Periodic Reporting for period 2 - AudioCommons (Audio Commons: An Ecosystem for Creative Reuse of Audio Content)
Reporting period: 2017-08-01 to 2019-01-31
- Enable the retrieval of audio content in innovative ways by bringing current state-of-the-art methods of semantic sound and music description to higher standards, and make these methods available as software packages.
- Develop and deploy the technological layer to allow the interconnection of all stakeholders that participate in an ecosystem of content, users, services and tools that create and reuse CC audio content (i.e. the Audio Commons Ecosystem or ACE).
- Create and set up the ACE, publish CC audio content through it and build tools that can consume the content and be embedded in existing creative workflows.
- Define standard procedures for new stakeholders to join and participate in the ecosystem, fostering its future growth and sustainability.
During the three years in which the action has taken place, several contributions have been made in relation to all four key objectives. Some details of these contributions are given in the next section. Further details are included in the deliverables published throughout the project and in the final report. In summary, the four key AC objectives have been met. AC has set the foundations for an open ecosystem of content, users and tools around CC audio, and made recommendations for the future growth of such an ecosystem.
To evaluate and demonstrate the aforementioned technology developments and the concept of the ACE, a number of prototypes have been developed that can consume the content and be embedded in existing creative workflows. This includes 3 tools from industry partners (two of them to be released commercially) and more than 10 prototypes developed by academic partners and external collaborators. Most of the prototypes have also been released under open source licenses.

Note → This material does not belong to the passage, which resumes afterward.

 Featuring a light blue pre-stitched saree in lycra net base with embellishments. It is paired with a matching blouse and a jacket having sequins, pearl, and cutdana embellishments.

In addition, we have carried out work on describing the intellectual property rights management requirements that arise from the ACE as well as explored potential business models for new actors to join the ecosystem and made recommendations for its future growth and sustainability.
The work carried out has been widely disseminated in the academia, the creative industries and to the general public. We have published more than 70 research papers, contributed to more than 30 academic and industry events, organized workshops, performances and had online presence through the website and social media.

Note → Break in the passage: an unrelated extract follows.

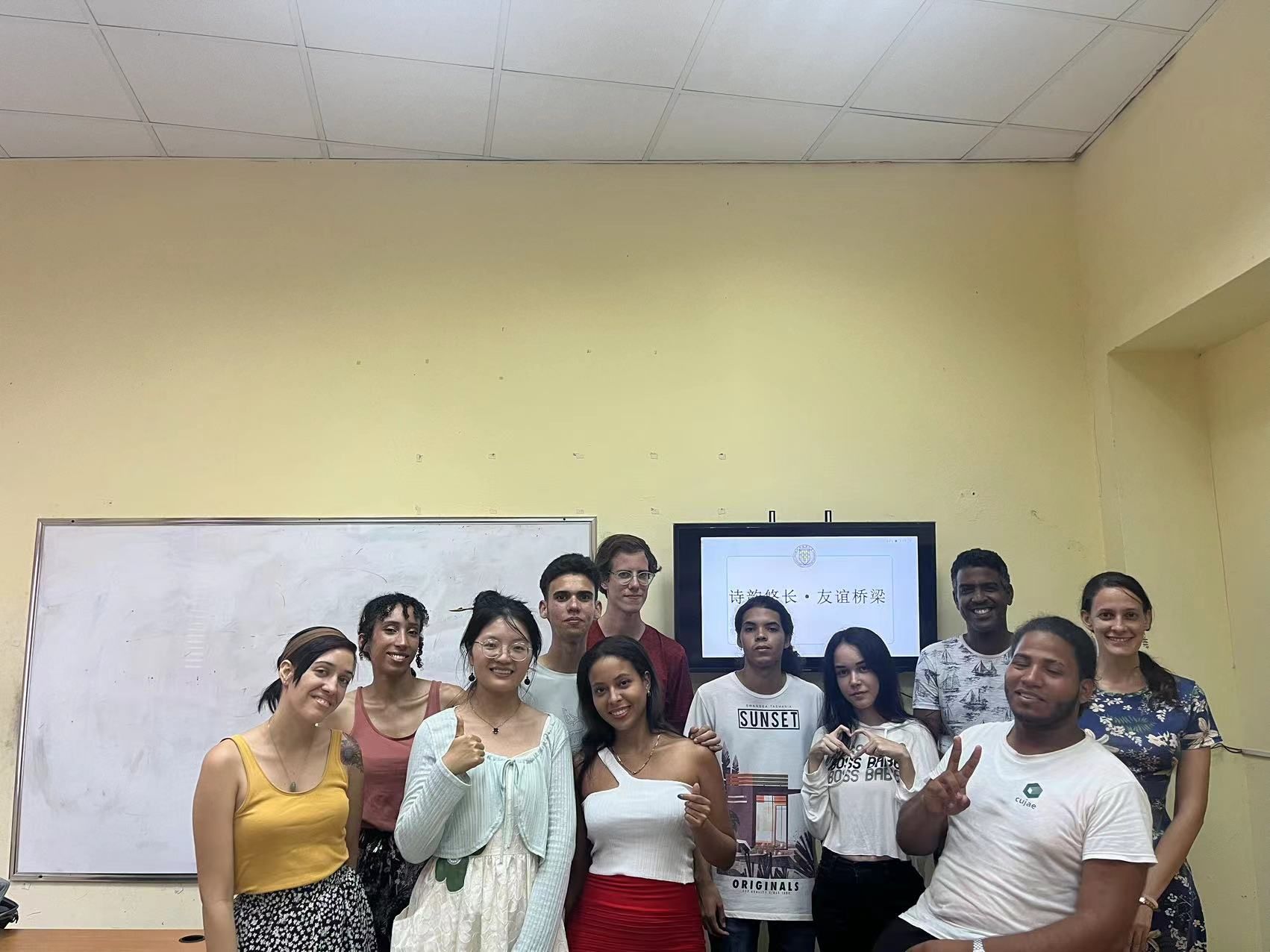 “诗韵悠长·友谊桥梁”暑期社会实践团队走进古巴哈瓦那大学孔子学院,为古巴学生带来了中华诗词文化的盛宴,开启了他们的中华诗词文化之旅。按照前期计划,该社会实践团队的队长是苏晗瑜同学,队员分别由在古巴的翟淑芳、罗马尼亚的刘歌和泰国的卢泽萍组成,她们都是作为汉语志愿者在海外工作。

We identified that one of the main issues that prevent CC licenses to be more extensively used within the creative industries is the unclearness of the licensing procedures. We worked on clarifying these issues by writing documentation which describe the application of CC licenses to the audio domain, and by integrating features in the Audio Commons Mediator which facilitate licensing procedures. For example, using the Audio Commons Mediator a Digital Audio Workstation can automatically point the user to a URL for getting commercial licenses of CC content retrieved from Jamendo. This is an improvement with respect to the state-of-the-art. Nevertheless, we also envisioned a tighter integration of licensing procedures that would be based on blockchain and smart contracts. The implementation of such advanced system was not possible in the scope of the project, but we've made recommendations for the next steps of the future development of such a system.
Another important goal of the AC project is the research and development of tools for the automatic annotation of audio content. In that regard we have developed and made available a number of tools which allow the analysis of audio content and output the results using metadata properties of the Audio Commons Ontology. These tools can automatically extract musical properties such as tempo, tonality, instrumentation (and others) with state-of-the-art accuracies. Nevertheless, when combined with the confidence metrics for these properties also developed as part of AC, the accuracies improve significantly with respect to state-of-the-art. In fact, the focus confidence measures has been a novel idea introduced by the AC consortium in the academic community. Moreover, we also developed a tool for the automatic extraction of perceptual timbre characteristics (e.g. brightness, warmth, sharpness, etc.) which provides completely new ways to browse CC content and constitutes significant progress beyond state-of-the-art as no similar tools were available to date.
All contributions together represent significant steps that foster the reuse of CC content by making it more accessible and integrated, by clarifying and facilitating licensing procedures, and by providing open tools to automatically generate meaningful and reliable audio metadata.